Mit Selim Özdogans Lesung
endete ein überzeugendes Literaturpflaster
Deutscher Ausflug
in die Türkei
Bad Berleburg. (jg) Selim Özdogan hat nicht nur einen türkischen Namen – bei dem das "g" im Nachnamen lediglich deutsche Sprecher verwirren soll, ausgesprochen wird es nicht. Er hat auch ausschließlich einen türkischen Pass. Doch auch wenn er knapp vor der syrischen Grenze geboren wurde, plaudert er dennoch fließend Deutsch: Aufgewachsen ist er nämlich in Köln, wo der 37-Jährige heute noch lebt. Er schreibt auch seine Erzählungen und Romane auf Deutsch. Das verwirrt höchstens einmal die türkischen Organisatoren des Auftritts bei der Frankfurter Buchmesse. Dazu hatte man ihn eingeladen, zweimal wurde er aufgefordert, er möge endlich die Textstelle angeben, die er aus "Die Tochter des Schmieds" lesen wolle, damit man diese auf Deutsch übersetzen könne. Dabei war doch die türkische Version des Romans die Übersetzung des Originals. Dennoch war "Die Tochter des Schmieds" zweifelsohne fürs Berleburger Literaturpflaster qualifiziert. Schließlich zeichnet die Familienerzählung die Lebensgeschichte von Gül, der Tochter des Schmieds, in den 40er und 50er Jahren in der Türkei nach. In den Textstellen, die Selim Özdogan vorlas, ging es um eine Rauferei zwischen Gül und ihren Schwestern und den resultierenden Folgen im Kräfte-Vieleck "Familie". Danach ging es um den Tod einer Frau und die daraus entstehenden, gesellschaftlich vorgegebenen Geschehnissen.

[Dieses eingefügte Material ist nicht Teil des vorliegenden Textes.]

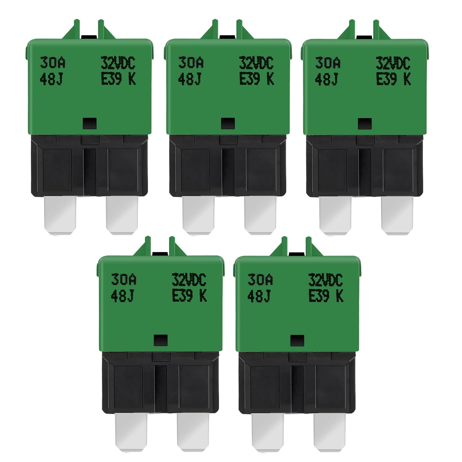 GLOSO Circuit Breaker Fuse E39 (T3) Manual Reset For Car Truck RV Automotive Marine Boat Trolling motor & Custom Wiring Audio battery protection/Low Profile ATC/ATO (30A - 5 Pack)

Dass Selim Özdogan so ein überzeugendes Bild der Türkei aus der Zeit vor der Auswanderung nach Deutschland zeichnen kann, hängt damit zusammen, dass er in diesem Roman Geschichten weitergibt und verknüpft, die er seit Kindertagen von seinen Eltern gehört habe. Diese erzählt er in so einem blumigen und poetischen Deutsch, dass es eine wahre Wonne ist. Fernab vom türkischen Namen bewies Selim Özdogan auch mit weiteren Geschichten, die er vortrug, die Meisterschaft, mit der er stets den einen passenden Ton für seine Geschichten fand: mal hieß es "auf den letzten Drücker", mal sprach er von einem Gimpel – im richtigen Zusammenhang. Hier schönste Prosa, da ein gereimter Soft-Rap, den auch Xavier Naidoo singen könnte – und würde. Darüber hinaus zeichnete Selim Özdogan in seinen Texten schöne Bilder. Etwa für den Therapeuten , der möglicherweise eine Taschenlampe für die Seele seines Patienten habe. Oder für den hüfttiefen Schlamassel, den man Leben nenne, weil man kein besseres Wort dafür habe. Manchmal waren es auch kurze, einfache Sätze, unendlich treffend in ihrer Präzision: "Ich würde mich auch verlassen, wenn ich könnte."
Verlassen werden sich womöglich die Berleburger fühlen, denn mit Selim Özdogan endet das Literaturpflaster 2008. Es blieb nur ein Fazit: Auf den unterschiedlichsten Wegen hat sich die Veranstaltungsreihe der Türkei genähert und hier und da ein exotisches Land gezeigt. Was aber nichts daran ändert, dass es Türken wie Selim Özdogan gibt, die unbestreitbarer Bestandteil unserer Gesellschaft sind. Und das ist gut so.